I dedicate myself to dear.

はい、みなさんこんいちはー!
あれー?声が小さいぞ?
じゃぁ、もう一回。
こんにちはー。
「はい、こんにちはー。」
頭の中で流していた子供番組のお兄さんとのやり取りに、思わず答えてしまった俺。
村田が突然の俺の発言にかなりビビっている。
あぁ、大賢ジャーでもビックリするんだ。ざまーみろ。
「あのさ、渋谷。やる気あるの?」
作業を放り出した俺をちょっと冷ややかな目で見つめる村田。
「だってさー…さすがに飽きたんだけど。」
「でも、渋谷が言い出したんだよ。」
咎めながらも俺に新しい粘土を渡す。
そしてソレを受け取っちゃう俺。
「だって、粘土するなんて思ってなかったんだよ。」
不機嫌に尻尾を揺らして村田の腕を叩く。
「粘土じゃないよ。形作って焼くと、純銀のアクセサリーが作れるんだってば。
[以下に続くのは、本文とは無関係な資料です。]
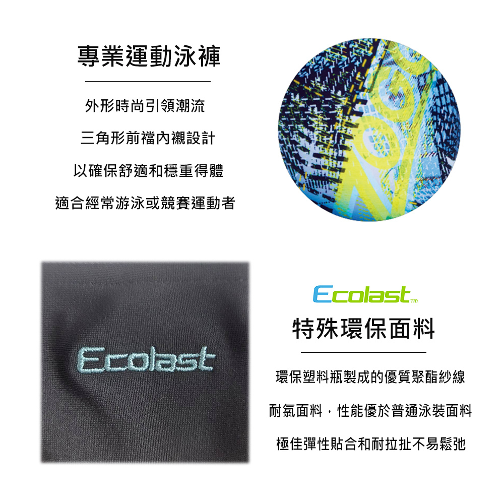 .材質:84%環保聚酯+16%耐氯萊卡(Ecolast材質,特殊環保面料)

」
そう、俺は今アクセサリー作りをしているのだ。
すっかり忘れていたけど、今日は俺とコンラッドが付き合って一年目の記念日。
廊下に落ちていたギュンターの日記を盗み見て気付いた事実だ。
元々迷惑ばかりかけていたけれど、こんな姿になってから更に迷惑をかけてしまっている。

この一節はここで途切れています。